The whole thing – compact, based around partial songs rather than a dragged-out epic – felt based not on the self-conscious pomposity of Olympics opening ceremonies, but the tightly scheduled wham-bam of Super Bowl half-time shows. Albeit this was a Super Bowl half-time show done on a fraction of the budget. There were no bonkers mass dance displays, but there were women in some Fifa-approved bastardised national costumes. (Williams, it emerged later, flipped the bird during his version of Rock DJ, although this was missed by ITV in the UK who were already focusing on the football.) And a man in a wolf suit giving high fives to Ronaldo – the original one – and a child identified in Fifa’s official schedule only as “kid”. Presumably all those Fifa riches were heading straight for grassroots football projects even as Ronaldo and “kid” grinned awkwardly at each other.

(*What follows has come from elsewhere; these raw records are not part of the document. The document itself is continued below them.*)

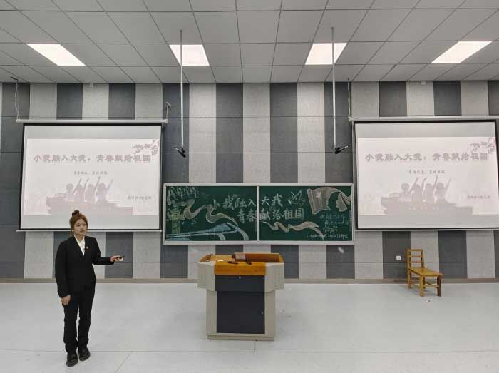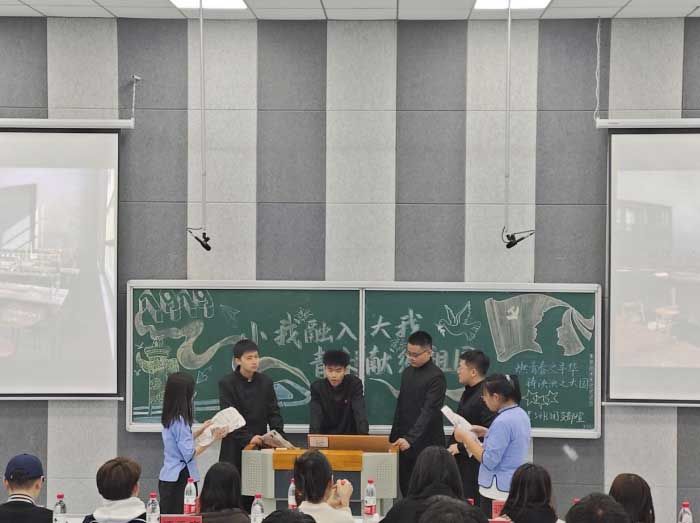 首先由软件5班团支书带领班级同学了解开展此次团会的目的。而后,软件工程5班集体同学为大家表演了以抗日时期的青岛为背景的舞台剧《历史今朝》。通过本次舞台剧的演绎,使同学们对历史有了进一步的了解,真实还原了五四时期青年的思想觉醒与反抗。最后,22级软件五班集体同学进行了一段红色文字与红心相照应的诗朗诵以及向党向国的深情献唱。每一位信工学子在此次团会中都将自身的小我融入班级和祖国的大我之中,深刻的理解到“青春献给祖国”的真实含义。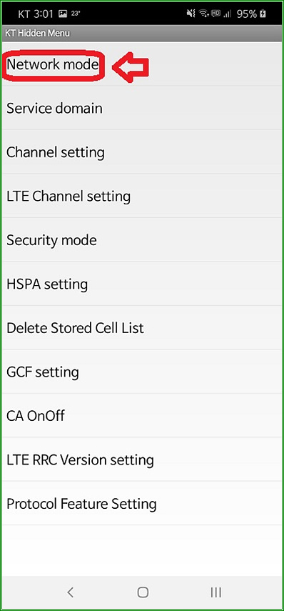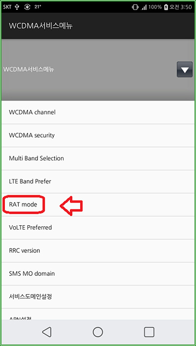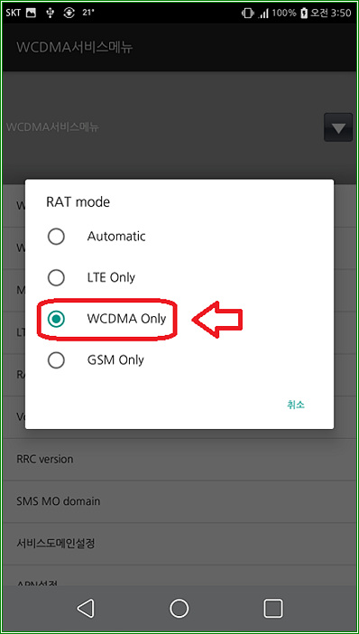 WCDMA ALL을 선택하면 3G로 강제 접속된다. LTE 요금제라도 3G망으로 접속 가능하다.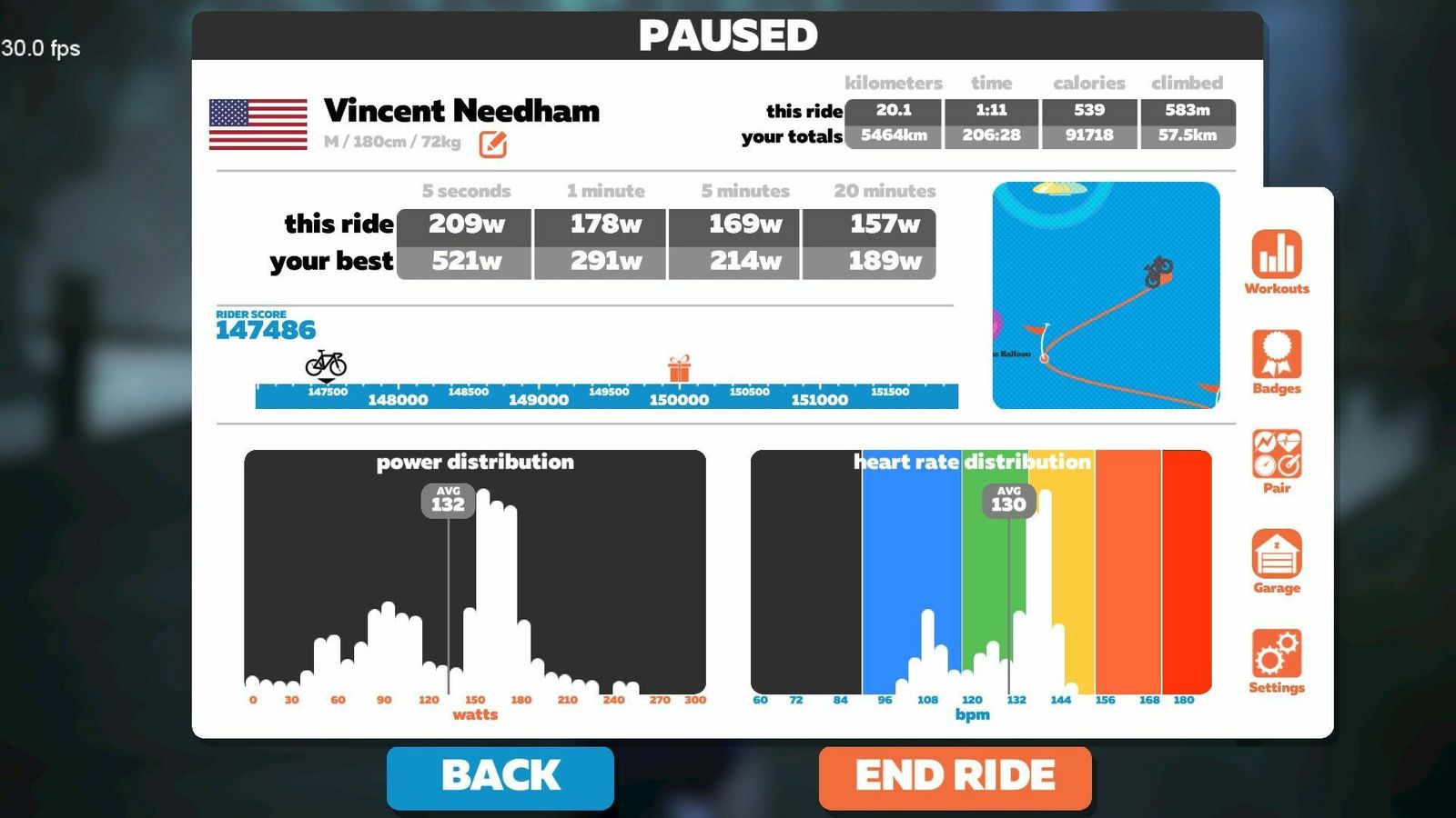 | Avg Watts: | 133 ( with 0s) |

It was short, it was mostly painless. And it was completely pointless.
But the opening ceremony was just the spearhead of a month in which the music business will expect to make serious money. Williams and his label, Universal, will be hoping for the massive increase in sales and streams that traditionally follow a globally televised appearance; the official World Cup song – Live It Up, by Nicky Jam featuring Will Smith and Era Istrefi – will doubtless get it little boost after being played throughout the tournament. But away from the Luzhniki Stadium, the industry is gearing up for a lucrative month.
For starters, Live It Up isn’t the only “official anthem” of this World Cup. Tournament sponsor Coca-Cola has its own “official anthem” – Colors, by Jason Derulo and Maluma. Telemundo, which holds the Spanish-language broadcast rights to the tournament in the US, has released J Balvin and Michael Brun’s Positivo – an old song with repurposed lyrics – as its World Cup anthem. And there are three more songs that appear to have been given “official” status, too, originally with the intention of there being a Fifa-sanctioned album, though there’s been no sign of it yet. Still, that pales in comparison with the nine – nine! – songs that were granted official status one way or another for the 2014 World Cup.

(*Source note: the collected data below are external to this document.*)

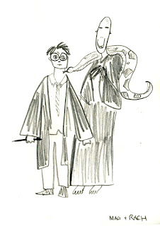 Having cable TV for a week has always been a novelty with my family, and some Harry Potter movies were on, which I have seen very little of. Any way, this stellar HP sketch was done by my sister and I 50/50, I love it :)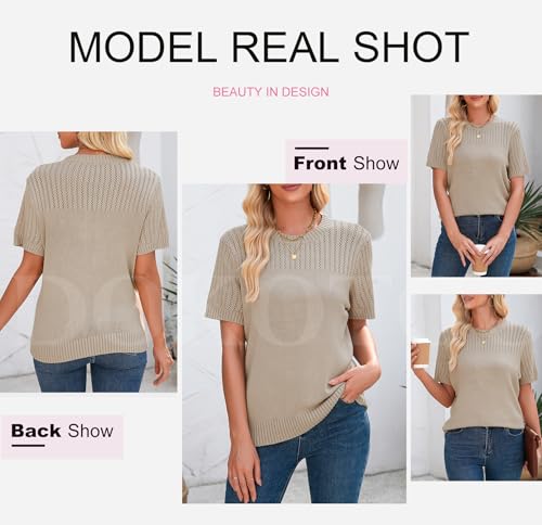 Dokotoo Womens Summer Tops Dressy Casual Crewneck Short Sleeve Shirts Solid Hollow Out Knit Loose Sweater Blouses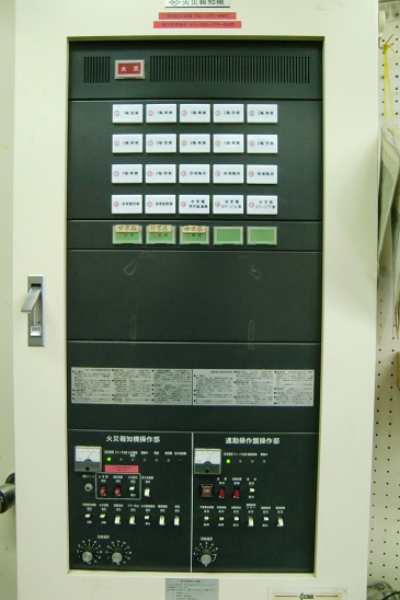 現在ではもう少なくなりつつある旧式の「P型1級火災受信機」です。現在の受信機に比べて割と簡素な造りではありますが、しかしこちらの方が新しいものよりも操作しやすい部分もあります。特に最近の受信機のスイッチは感触があまりなく「ちゃんと押せてるのかな…?」と不安になることもありますが、この旧式の受信機の場合そういったことがありません。つまみを下げることにより「ON」、「OFF」を切り替えられるので感触は確かです。(H28年7月8月撮影)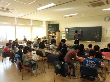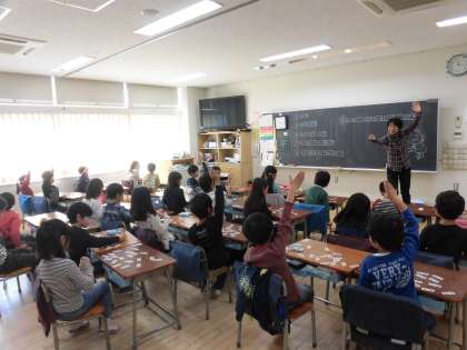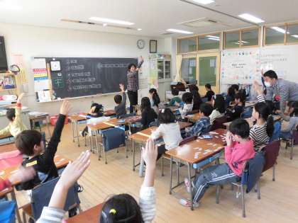 20日(木)の3時間目、1年5組は算数の時間でした。繰り下がりのあるひき算カードを使って、計算練習をしていました。担任の先生と講師の先生とで子どもたちを見守ります。答えが3になるカード、4になるカードと次々に問題が登場しますが、子どもたちは「あった!」「見付けた!」と言いながら楽しんで探していました。

Robbie Williams and the Russian soprano Aida Garifullina during the World Cup opening ceremony. Photograph: Kirill Kudryavtsev/AFP/Getty Images
Then there are the scores of unofficial songs: from Rasputin Rebooted by the Stars House Band, featuring Ricky Wilson of the Kaiser Chiefsand the former cricketer Andrew Flintoff, a song so awful it managed a total of 3,540 views on YouTube as of Thursday lunchtime. Rather better is Chin Up, by hipsters du jour Rhythm Method, though don’t expect it to be echoing round the streets, sung lustily by post-pub gangs of drunk fans.
Old music, too, gets a push. World Cup advertising campaigns get built around music – for people of a certain age, Massive Attack’s Inertia Creeps isn’t so much an expression of dread as the accompaniment to Adidas’s 1998 World Cup campaign – and the money that flows in from “syncs” to advertisements is a major revenue stream in this age of declining sales.

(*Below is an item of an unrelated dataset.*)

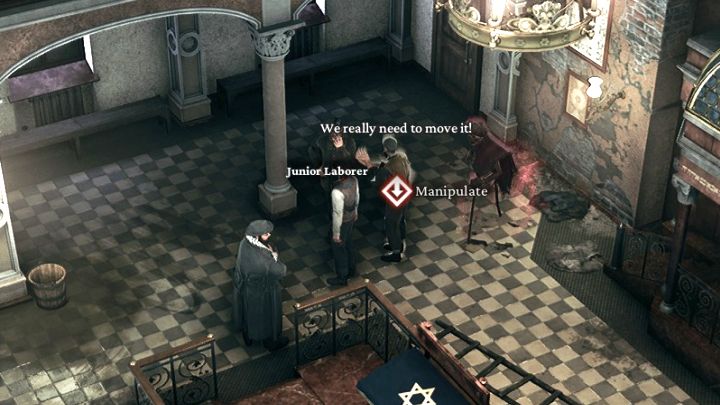 - Upyr should appear next to the worker, unlocking a manipulation option. 2 Heart Dimension points are required for this action. Sucessful manipulation unlocks the option to talk to the rabbi again.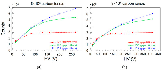 Integral counts measured by the three chambers as a function of the bias voltage for two beam intensities: (a) 6 × 106 and (b) 3 × 107 carbon ions/s.

This year, Beats by Dré has commissioned a four-minute mini-movie directed by Guy Ritchie called Made Defiant, telling the “origin stories” of World Cup stars – and soundtracked by hip-hop star Anderson .Paak. You can also expect to hear AC/DC on Coca-Cola ads and Major Lazer on Pepsi ads. Even the streaming services aren’t letting up, with Deezer and Apple creating World Cup-themed playlists. And a nation awaits what lachrymose power ballads BBC and ITV have chosen for their montage sequences (Oasis, of course, claimed to have written Stop Crying Your Heart Out in expectation of it accompanying England’s exit from the 2002 World Cup).
But what British audiences hear will be just a fraction of the World Cup’s musical spread. The combination of Latin American music’s booming popularity around the world and the fevered obsession with football in South America means that this could be a massive tournament for the music industry there: it’s no coincidence that both Fifa’s and Coca-Cola’s songs feature Latin artists – Nicky Jam and Maluma. This could be the reggaeton World Cup. Certainly, by the time the tournament finishes on 15 July, no one will be talking about Robbie Williams.